Give back the full listing verbatim, apart from its images.

■ Material provided ■
# # # #

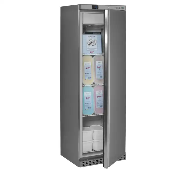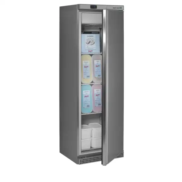 A gama de congeladores UF-VS é a versão assistida por ventilador da nossa gama de congeladores de armazenamento em aço inoxidável. Está disponível em vários tamanhos. Este congelador possui um eficiente sistema de arrefecimento assistido por ventoinha que assegura uma temperatura uniforme em todo o armário. A temperatura é definida no ecrã do termóstato digital fácil de utilizar. Pode personalizar o congelador de acordo com as suas necessidades com prateleiras ajustáveis.
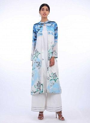 Blue & White Printed Mandarin Neck kurta
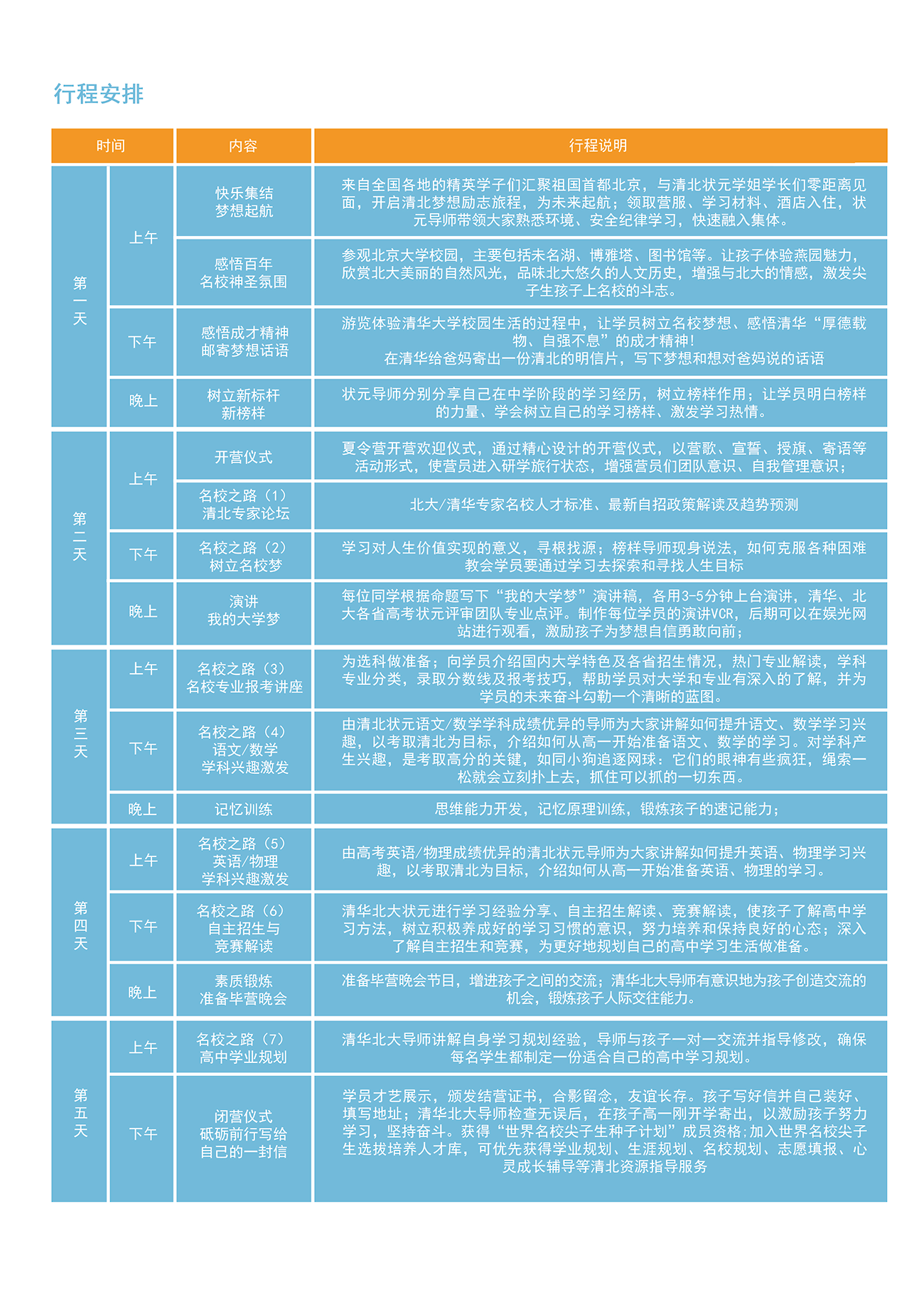 营期:5天4夜    适合人群:即将进入高一的初三毕业生,即新高一学生

# # # #

■ Answer below ■
 A gama de congeladores UF-VS é a versão assistida por ventilador da nossa gama de congeladores de armazenamento em aço inoxidável. Está disponível em vários tamanhos. Este congelador possui um eficiente sistema de arrefecimento assistido por ventoinha que assegura uma temperatura uniforme em todo o armário. A temperatura é definida no ecrã do termóstato digital fácil de utilizar. Pode personalizar o congelador de acordo com as suas necessidades com prateleiras ajustáveis.
 Blue & White Printed Mandarin Neck kurta
 营期:5天4夜    适合人群:即将进入高一的初三毕业生,即新高一学生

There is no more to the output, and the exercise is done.